Kindell no tenía razones para engañar a su abogado, ni éste para mentir en un informe confidencial. A menos que el expediente completo del caso revelara alguna otra información -enterrada quizás entre los informes del investigador de la defensa-, Tim tendría que reconocer que había andado errado desde el principio. Eran Gutierez, Harrison, Delaney y su padre quienes estaban en lo cierto.

El convencimiento que Tim tenía de que había un cómplice lo había protegido del grueso de la carga que era la muerte de Ginny. Si Kindell había sido su único asesino, las opciones de Tim eran concretas, tan limitadas como las paredes pandeadas de la casucha de aquél. No le quedaba gran cosa por hacer, salvo enfrentarse a éste como mejor le pareciese y luego arrostrar la realidad de la muerte de su hija.

Llamó a Dray. Se había ido a dormir -el contestador saltó nada más sonar el teléfono-, de modo que le dejó un mensaje con la noticia, codificada por si Mac andaba por allí.

En el trance de un agotamiento repentino, regresó a su apartamento y se sumió en un sueño tan denso como dichoso y exento de pesadillas. Al despertar, permaneció tumbado en el colchón unos minutos, observando el revoloteo errático de las motas de polvo a la luz matinal que entraba por la ventana, regresando de forma obsesiva a la última carpeta negra que aguardaba en la caja de seguridad de Rayner.

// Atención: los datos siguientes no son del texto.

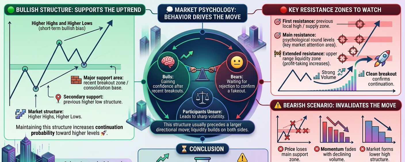 Price structure shows that buyers are gradually regaining control 📈, with recent moves suggesting accumulation after a period of consolidation. However, the market is now approaching key decision zones where volatility is expected to increase ⚠️.
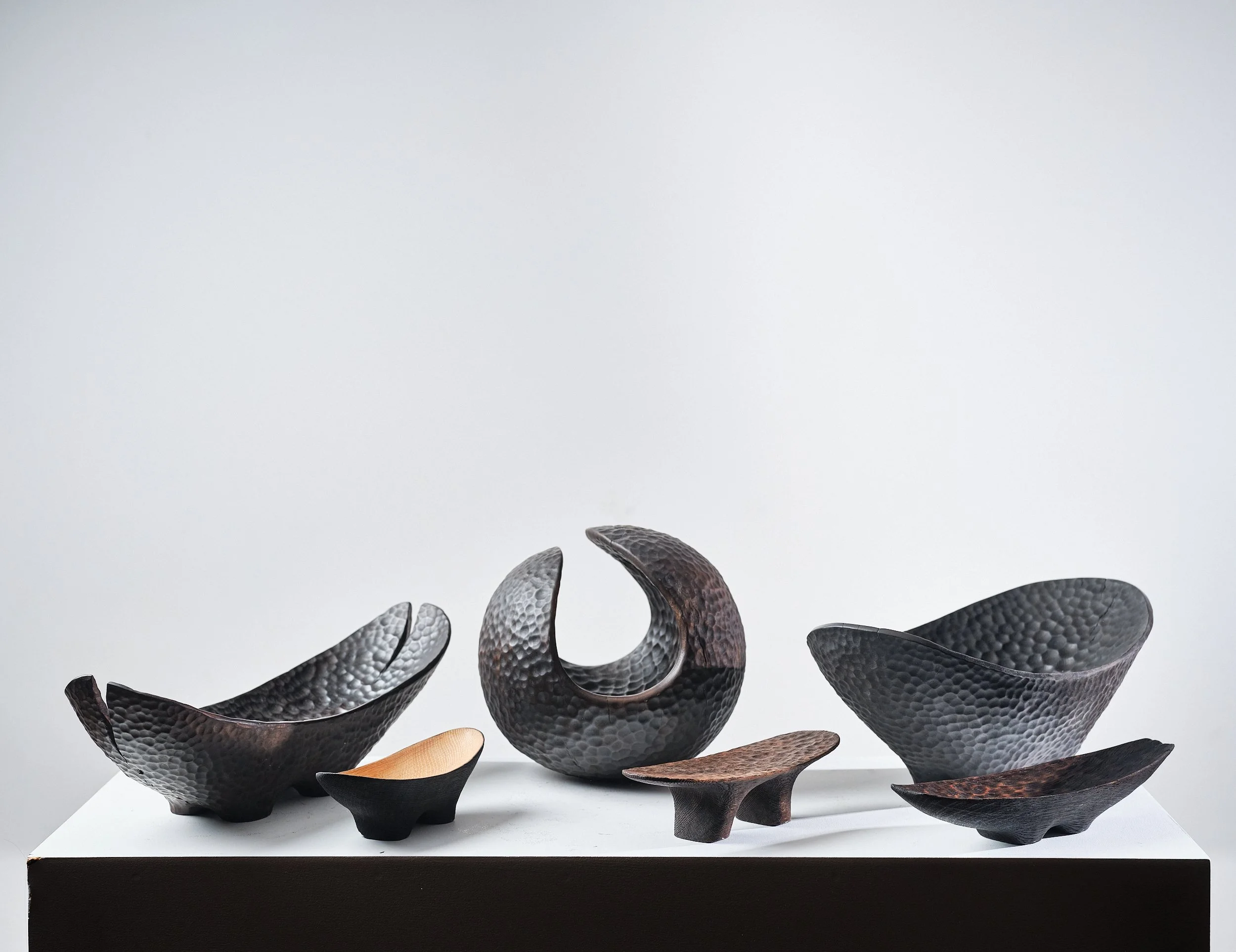 In a nod to the Japanese art of kintsugi, fractures and imperfections are embraced, honoured rather than hidden. In some pieces splits proudly define the aesthetic. In others they are repaired using a pine resin glue, that is hand-made from resin collected from nearby pine trees. Elevating each object’s narrative and emphasising resilience and repair.

No sin cierta satisfacción, cayó en la cuenta de que, en el caso de que no aportara de milagro alguna prueba fehaciente de la existencia de un cómplice, no tendría que esperar mucho para vérselas con Kindell.

Antes, sin embargo, debía pillar a Bowrick.

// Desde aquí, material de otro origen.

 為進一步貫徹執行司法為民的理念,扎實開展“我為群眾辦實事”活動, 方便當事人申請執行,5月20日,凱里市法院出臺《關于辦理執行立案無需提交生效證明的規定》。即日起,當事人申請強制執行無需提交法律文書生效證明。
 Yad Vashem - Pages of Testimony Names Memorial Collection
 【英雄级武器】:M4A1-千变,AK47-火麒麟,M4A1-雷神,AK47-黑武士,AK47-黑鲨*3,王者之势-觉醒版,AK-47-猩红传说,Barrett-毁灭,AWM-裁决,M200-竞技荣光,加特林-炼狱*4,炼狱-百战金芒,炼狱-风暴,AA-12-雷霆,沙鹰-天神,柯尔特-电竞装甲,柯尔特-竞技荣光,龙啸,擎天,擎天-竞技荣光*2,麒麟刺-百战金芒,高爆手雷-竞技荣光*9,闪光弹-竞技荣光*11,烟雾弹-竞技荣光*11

Se dio una ducha, se vistió y salió a tomar un café. Se sentó en un reservado de una cafetería de mala muerte a una manzana de su piso y echó un vistazo a L. A. Times. La ejecución de Debuffier se había vuelto a apropiar del titular, pero el artículo no decía gran cosa sobre la investigación. El Hombre de a Pie seguía asomando el hocico para decir: «La ley no es necesaria para distinguir lo que está bien de lo que está mal. La ley dijo que ese santero cabrón no había hecho nada malo, pero sí lo había hecho. Ahora ha muerto y la ley dice que está mal. Yo creo que se ha hecho justicia.» Tim reparó con cierta inquietud en la claridad con que el Hombre de a Pie articulaba la posición que, en teoría, defendía él.

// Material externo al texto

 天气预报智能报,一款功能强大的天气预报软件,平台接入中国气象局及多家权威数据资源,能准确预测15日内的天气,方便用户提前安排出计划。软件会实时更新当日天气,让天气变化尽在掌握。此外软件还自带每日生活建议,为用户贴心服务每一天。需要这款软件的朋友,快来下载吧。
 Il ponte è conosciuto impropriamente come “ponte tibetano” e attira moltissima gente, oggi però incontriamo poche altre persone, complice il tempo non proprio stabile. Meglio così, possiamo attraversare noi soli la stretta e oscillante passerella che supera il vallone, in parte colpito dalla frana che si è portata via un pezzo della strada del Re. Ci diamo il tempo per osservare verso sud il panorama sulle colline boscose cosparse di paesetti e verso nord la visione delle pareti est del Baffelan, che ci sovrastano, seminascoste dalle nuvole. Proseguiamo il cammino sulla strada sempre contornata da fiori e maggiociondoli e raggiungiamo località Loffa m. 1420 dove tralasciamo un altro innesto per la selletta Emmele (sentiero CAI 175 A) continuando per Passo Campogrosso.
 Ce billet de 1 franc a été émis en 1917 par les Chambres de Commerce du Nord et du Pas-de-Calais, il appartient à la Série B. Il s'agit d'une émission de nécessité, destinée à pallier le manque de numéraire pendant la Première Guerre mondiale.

Otro artículo informaba de que un grupo que velaba por la moral y las buenas costumbres estaba protestando contra la empresa informática Taketa Fun Systems por haber empezado a desarrollar un video- juego titulado La colina de la muerte que apoyaba la táctica del revanchismo. El jugador podía equipar a su alter ego en la pantalla con el arma automática de su elección antes de lanzarlo a recorrer las calles. Se veían disparos que hacían estallar cabezas ensangrentadas y explosiones que cercenaban miembros. Con un violador se obtenían cinco puntos, y con un asesino, diez.